To conclude, there is conflicting evidence on the issue of whether SCDOT weighed competing considerations and exercised accepted professional standards. Accordingly, the trial judge did not err in denying SCDOT's post-trial motions which alleged these matters should be decided as a matter of law.
C. Liability Cap of the Tort Claims Act
SCDOT argues the trial judge erred in refusing to grant its motion for remittitur to $250,000 under the Tort Claims Act.
The Tort Claims Act limits a single person's recovery to $250,000 "regardless of the number of agencies or political subdivisions involved." S.C.Code Ann. § 15-78-120(a)(1) (Supp.1996). The Act became effective on July 1, 1986. In 1988 our legislature enacted the Uniform Contribution Among *529 Tortfeasors Act, S.C.Code Ann. §§ 15-38-10 through 15-38-70 (Supp.1996). Because the Tort Claims Act allowed percentage shares within the cap and the Uniform Contribution Among Tortfeasors Act permitted unlimited pro-rata liability, there was an irreconcilable conflict between the two statutes. In response, the South Carolina Supreme Court held two sections of the Tort Claims Act. §§ 15-78-100(c) and 15-78-120(a)(1), were repealed. Southeastern Freight Lines v. City of Hartsville, 313 S.C. 466, 443 S.E.2d 395 (1994). Southeastern Freight was decided on April 25, 1994. The legislature, in turn, reenacted the two provisions effective July 1, 1994. Section 15-78-120(a)(1) was "made retroactive to April 5, 1988, the effective date of the South Carolina Contribution Among Tortfeasors Act, except for causes of action that have been filed in a court of competent jurisdiction before July 1, 1994." 1994 Acts 497, Part II, § 107B(1).

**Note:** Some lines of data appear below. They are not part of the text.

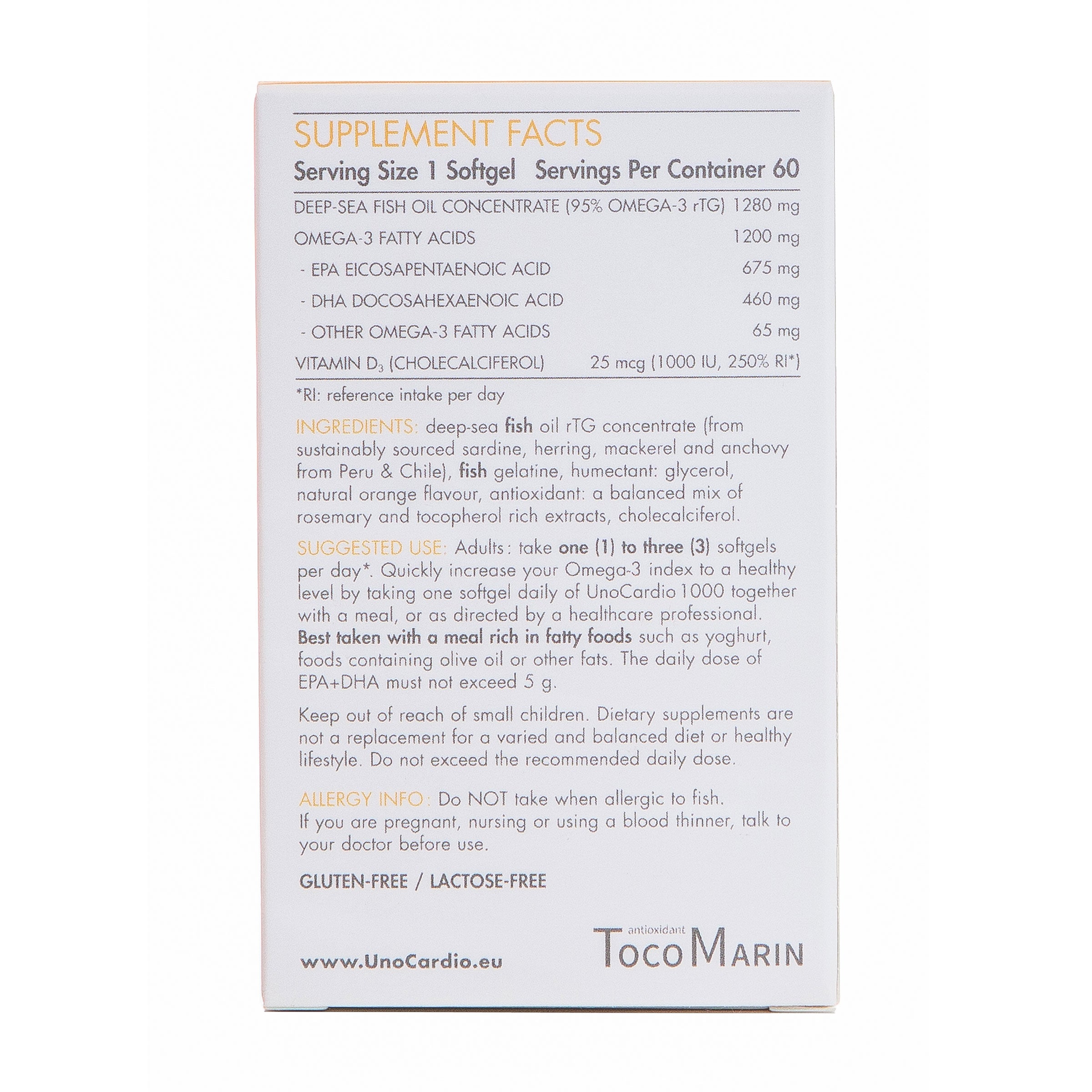 WHC UnoCardio 1000 delivers 1200 mg of concentrated omega-3s plus 1000 IU of vitamin D3 in a single daily softgel. Each capsule gives you 675mg of EPA and 460mg of DHA.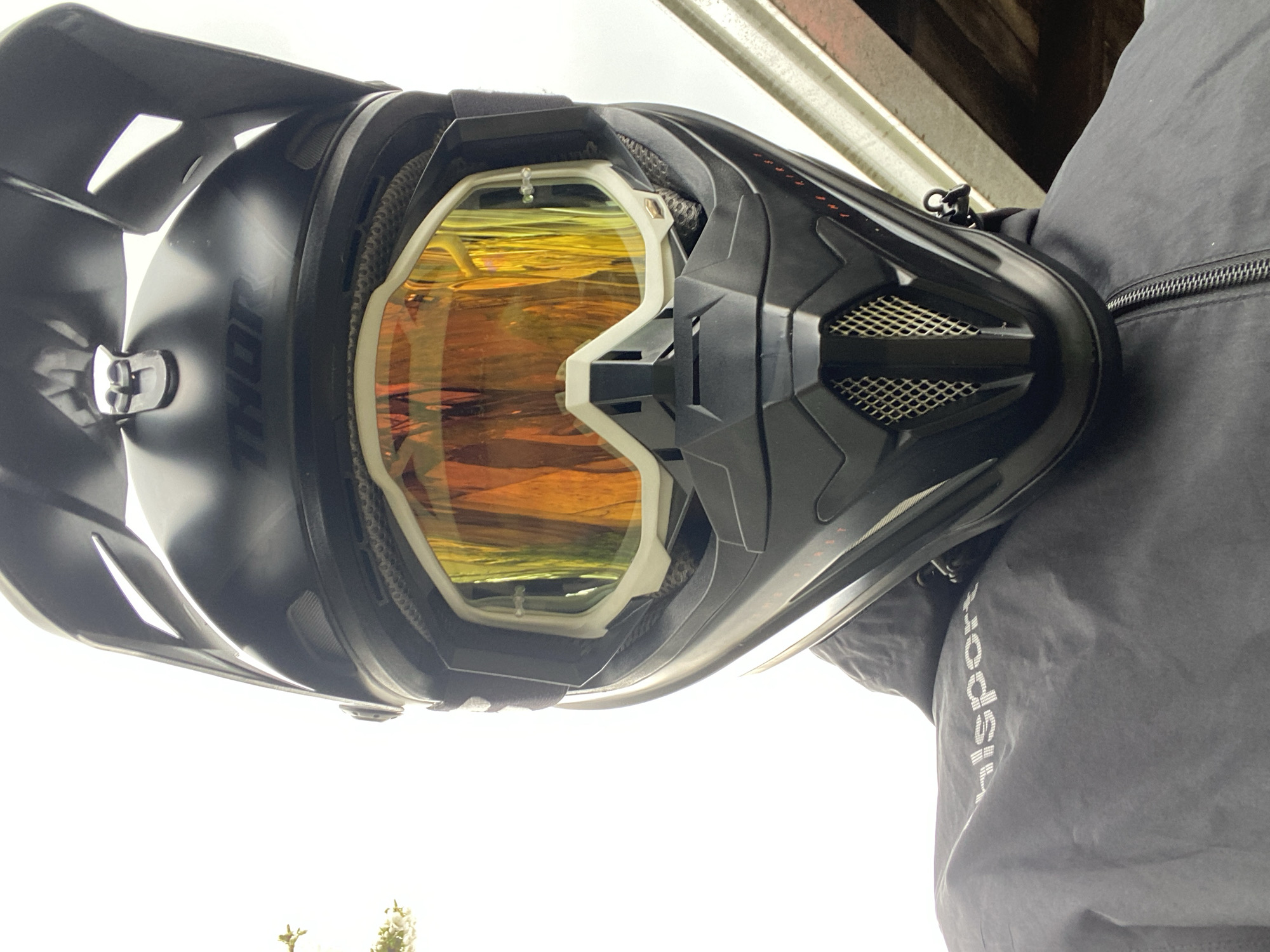 A black motocross helmet with amber-tinted goggles is the primary subject of the image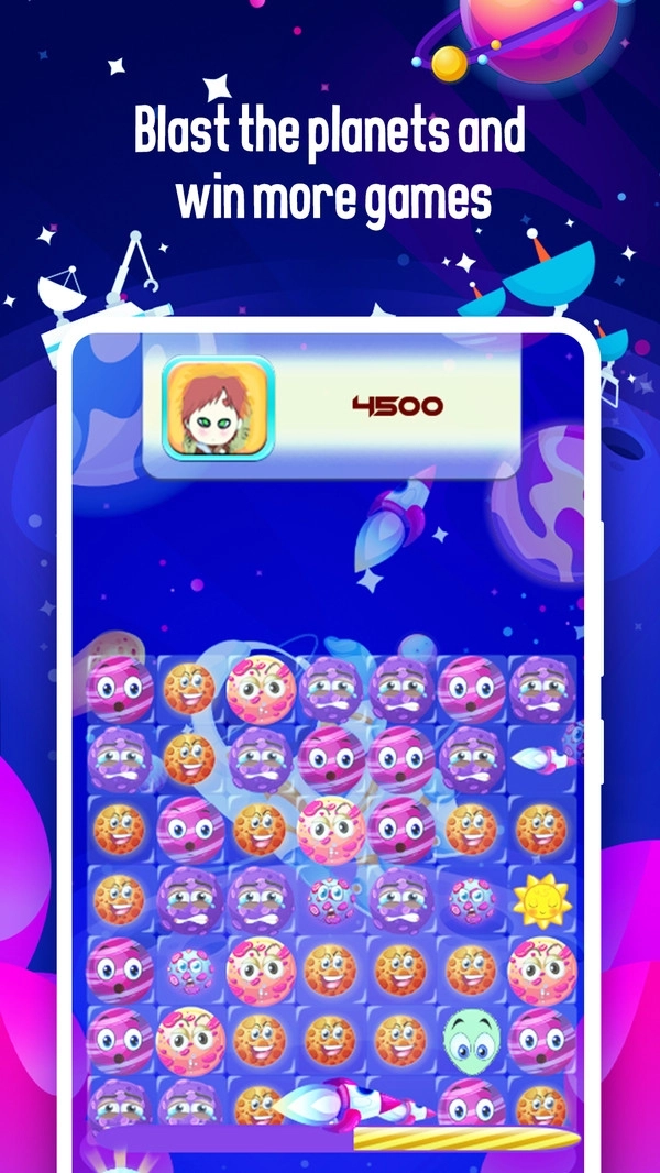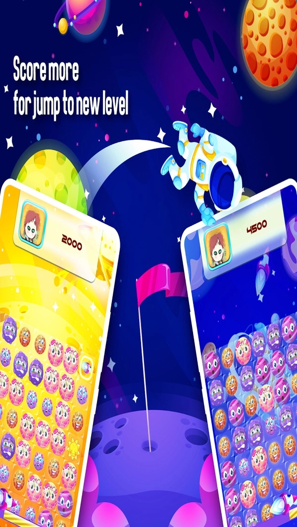 星球粉碎游戏是一款酷炫精彩的卡通太空闯关游戏,拥有轻松易上手的玩法。游戏采用十分简单的消除机制,玩家需快速点击来粉碎相同的星球,还有华丽精美的太空背景画面。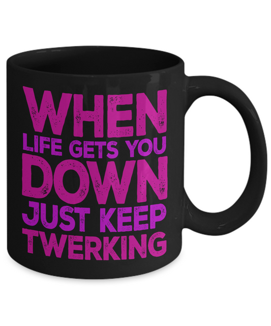 Super Dancer Coffee Mug, When Life Gets You Down Just Keep Twerking-Black Porcelain Coffee Mug 11 oz For Daughter,Teen,Women, Girlfriend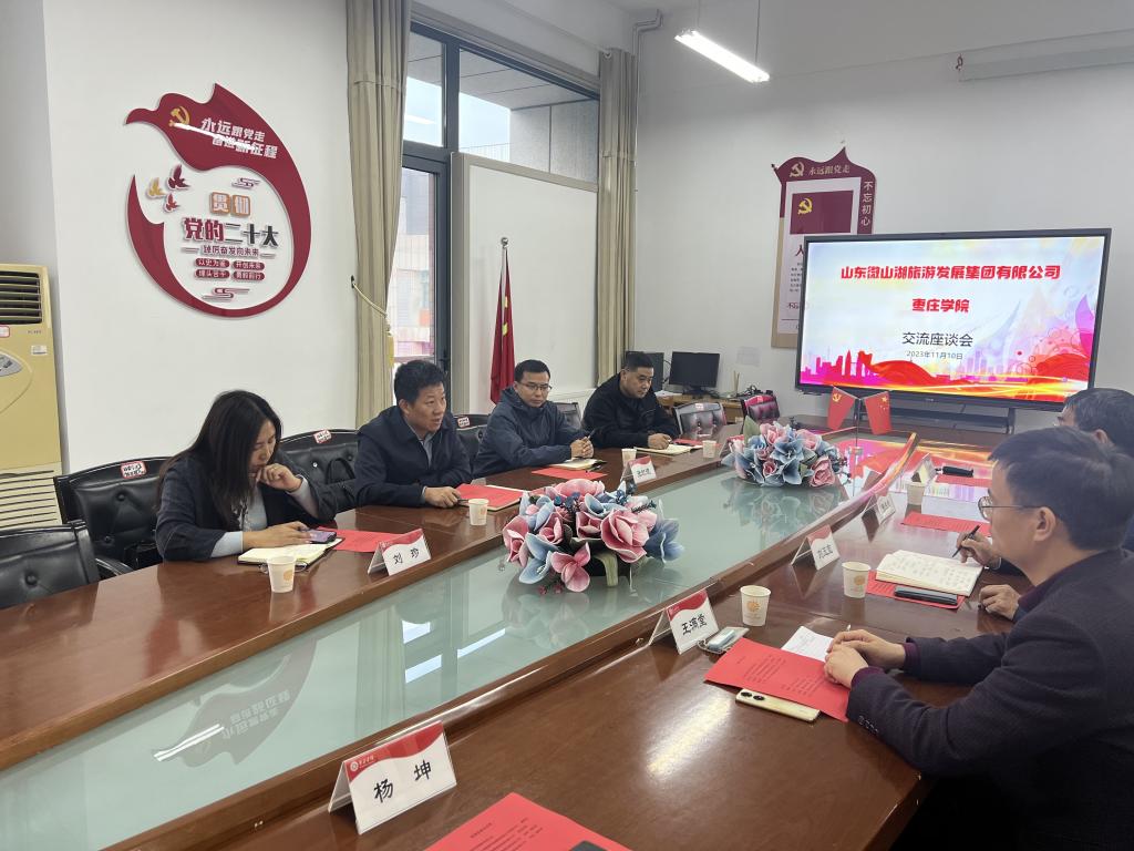 11月10日下午,山东微山湖旅游发展集团有限公司董事长张九洲、副总经理张红波及市场部经理一行4人来william威廉英国官网交流座谈。双方在豁然楼四楼A415会议室举行座谈,william威廉英国官网纪委副书记张成柱,william威廉英国官网党政领导及旅游类专业相关负责人参加了交流座谈。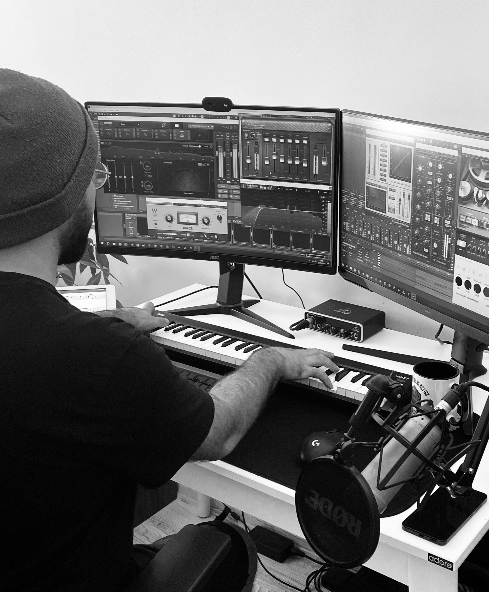 He began his career as a live musician, performing guitar and vocals in rock, blues and electronic bands in 2008. During this period, he also started writing orchestral arrangements alongside his songs, which led him to explore the structural and emotional differences between genres. This approach naturally expanded into recording, mixing, and mastering, forming the foundation of his production expertise.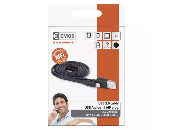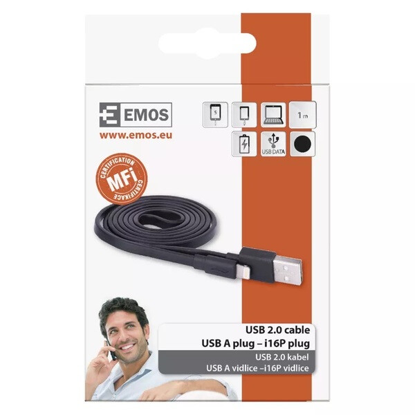 KABEL EMOS USB2,0 A/M-i16P/M 1M (SM7013BL) czarny ( do tel.iPhone) płaski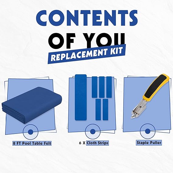 Q425 Paño de billar con 6 tiras de tela y removedor de grapas para mesa de billar, kit de repuesto Contenido del kit de repuesto: 1 fieltro de mesa de billar de 8 pies, 6 tiras de tela, 1 extractor de grapas Dimensiones: adecuado para mesa de billar de 8 pies, fieltro de mesa de billar (104 pulgadas de largo x 57 pulgadas de ancho), tiras de tela (53 pulgadas de largo x 6 pulgadas de ancho) Materiales de fibra de alta resistencia: este mantel de billar está hecho de fibra de poliéster, lo que garantiza una excelente resistencia a la abrasión, lo que permite que la tela resista el uso a largo plazo sin desgastarse fácilmente Enviamos a toda la republica pago contra entrega. Aceptamos tarjeta de crédito y debito.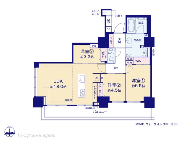 | 建物設備 | 24時間換気, 床暖房, WIC, 角部屋, 浴室乾燥 |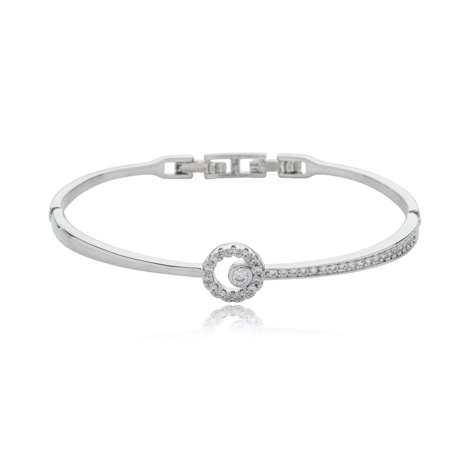 Bracelete articulado banho de ródio com cravação de micro zircônias na cor branco (cristal).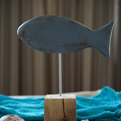 yaklaşık 27 cm.'lik bu balık heykeli seti 10x10x10 cm.'lik ahşap kaidenin üzerinde yer almaktadır.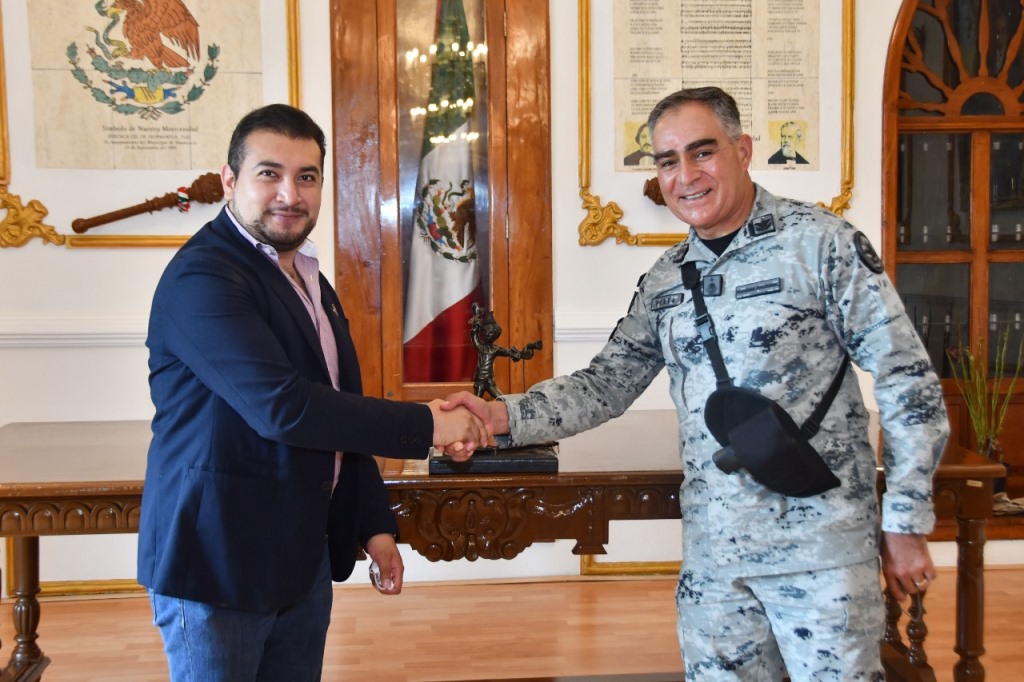 DebatePúblico.- El alcalde Salvador Santos Cedillo, se reunió esta tarde en el despacho de la Presidencia Municipal con el Coordinador Estatal de la Guardia Nacional, el General de Brigadier DEM. Vinicio Perea Alcaraz.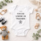 A modern baby bodysuit featuring a custom name with bold “Soccer Legend in Training” typography and a clean sporty design. The minimalist layout keeps the focus on strong lettering, making it perfect for everyday wear or as a thoughtful gift.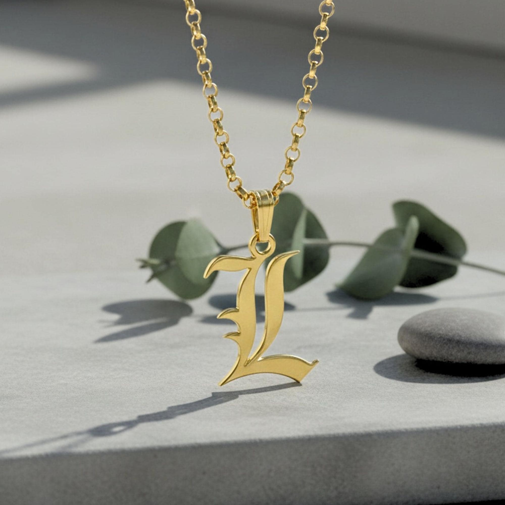 💖 This Old English Initial Necklace is a standout piece of personalized jewelry for both men and women. Crafted from 925 sterling silver, the bold Gothic font letter pendant is perfect for adding a customized touch to your style.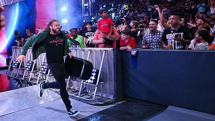 Роллинс решил не упускать момент и продолжил избивать Сезаро - да так, будто их противостояние никогда и не завершалось вообще. Сет даже схватился за другой стул для продолжения, успев пригрозить рефери. Правда "Архитектору" был нужен не сам стул, а стальной прут - чтобы повторить трюк Эджа с кроссфейсом, который тот проводил на Романе Рейнсе во время их противостояния. И как оказалось в итоге, Сет таким образом вынуждал Эджа выйти в ринг к нему - последний никак не реагировал и Роллинс был готов продолжать пытки Сезаро с использованием стульев. Дошло даже до попытки повторить угрозу из 2014 года, но уже на Сезаро - и это всё-таки сработало: Эдж выбежал на ринг со стулом в руках и Сет покинул ринг с улыбкой и языком из-зо рта. Оба оппортуниста проводили друг друга взглядами, но Сет покинул арену через зрительские ряды, а Эдж помог Сезаро прийти в чувство.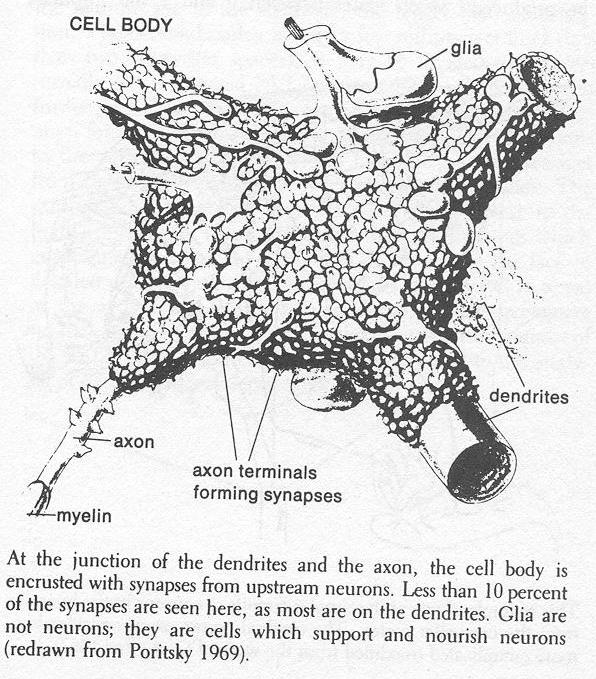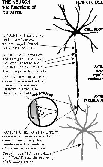 About this time in midmorning, the electronics technicians get very busy and several more doctors appear. Rather than coming scrubbed into the OR, the doctors wander into the glassed-in gallery upstairs, which looks down into the OR. They are neurologists who specialize in the interpretation of the electroencephalogram, more commonly called EEG or "brain waves." They first analyzed Neil's brain waves months ago by recording minute electrical voltages from sixteen places on the skin of Neil's head. Epileptic seizures are often preceded by, abnormal EEG voltage patterns; indeed, there are often abnormal EEG patterns in epileptics even when a seizure is not imminent. For the muscles to start jerking, the abnormal electrical activity must involve wide areas of the brain. In many epileptics, seizures originate from only a small region and then disrupt the surrounding brain, which is otherwise trying to go about its normal business. Locating this "epileptic focus" is the big problem. In Neil's case, the scalp EEG suggested that this epileptic focus was in the left temporal lobe, which is in front of the left ear and below the motor and sensory strips. Since that portion of the brain can often be removed with little obvious effect upon a patient, Neil is willing to trade a potential deficit for the chance that his seizures can be brought under control. Had his epileptic focus been in the middle of the motor strip, it would have posed a dilemma: removing the left motor strip would have produced permanent paralysis of the right side of the body. Better seizures than paralysis. The neurosurgeon gently places the tips of eight silver wires on the surface of the brain and hooks the wires up to a cable leading to the EEG machine in the gallery. A TV camera above the EEG machine is connected to the TV screen downstairs in the OR, so that the neurosurgeon can see the results too. These recordings from the surface of the brain are much more accurate than the EEG obtained earlier from the skin, where the voltages had to travel through the dura, the bone, some muscle, and then the scalp. The EEG voltages are a product of the electrical signals from millions of nerve cells, mostly from those near- the surface of the brain. The EEG is an indirect indicator of their overall levels of activity, about the way that one could judge the overall daily activity patterns of the inhabitants of a~city by listening to traffic noises. What, however is the individual nerve cell doing with electricity? Nerve cells have two major tasks: computing, and then speeding the results of the computation to the far end of the nerve cell so that they can be passed on to another nerve cell. Both tasks run on electricity. The individual nerve cells (also called neurons) are shaped like leafless trees, with branches and roots separated by a long trunk. Sometimes the trunk, called the axon in a nerve cell, is only one millimeter long. Some neurons have an axon so long that it can reach from the tip of the toe to the base of the brain. An electrical signal speeding along this axon tells the brain that something has touched the big toe. This electrical signal is called the impulse. It is only 1/10 of a volt (more than a thousand times smaller than household electricity), it lasts only 1/1000 of a second (quicker than most camera shutters), and it races along the axon at speeds as high as 500 kph (300 mph).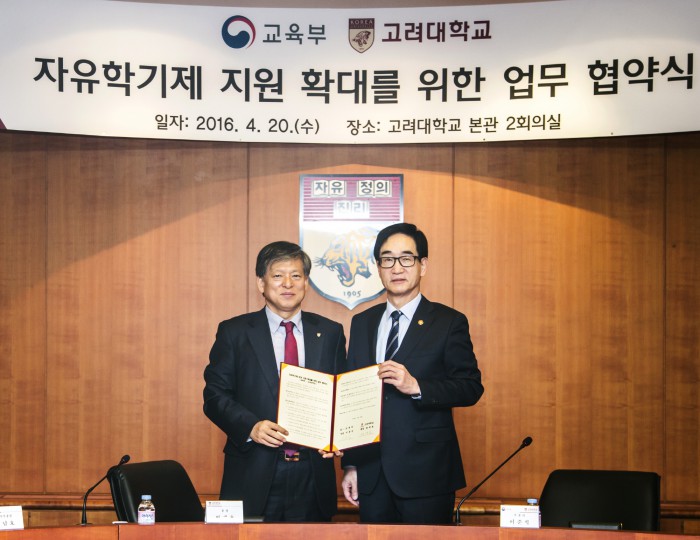 (서울=포커스뉴스)고려대학교가 20일 오전 서울 성북구 고려대학교 본관에서 교육부와 '자유학기제 지원 확대를 위한 업무협약'을 체결했다.

Rebekah filed her complaint during 1993. Accordingly, her action falls within the exception detailed in the 1994 reenactment because it was a cause of action filed before July 1, 1994. Southeastern Freight does not limit its application to cases involving contribution among joint tortfeasors. Therefore, Rebekah's verdict comes within the time frame when the cap was repealed.
The trial judge correctly determined she was entitled to the entire verdict, less amounts paid by the two co-defendants.
AFFIRMED.
GOOLSBY and HUFF, JJ., concur.
NOTES
[1] Black's defines design as:
To form plan or scheme of, conceive and arrange in mind, originate mentally, plan out, contrive. Also, the plan or scheme conceived in mind and intended for subsequent execution; preliminary conception of idea to be carried into effect by action; contrivance in accordance with preconceived plan. A project, an idea. As a term of art, the giving of a visible form to the conceptions of the mind, or invention.
Black's Law Dictionary 447 (6th ed. 1990).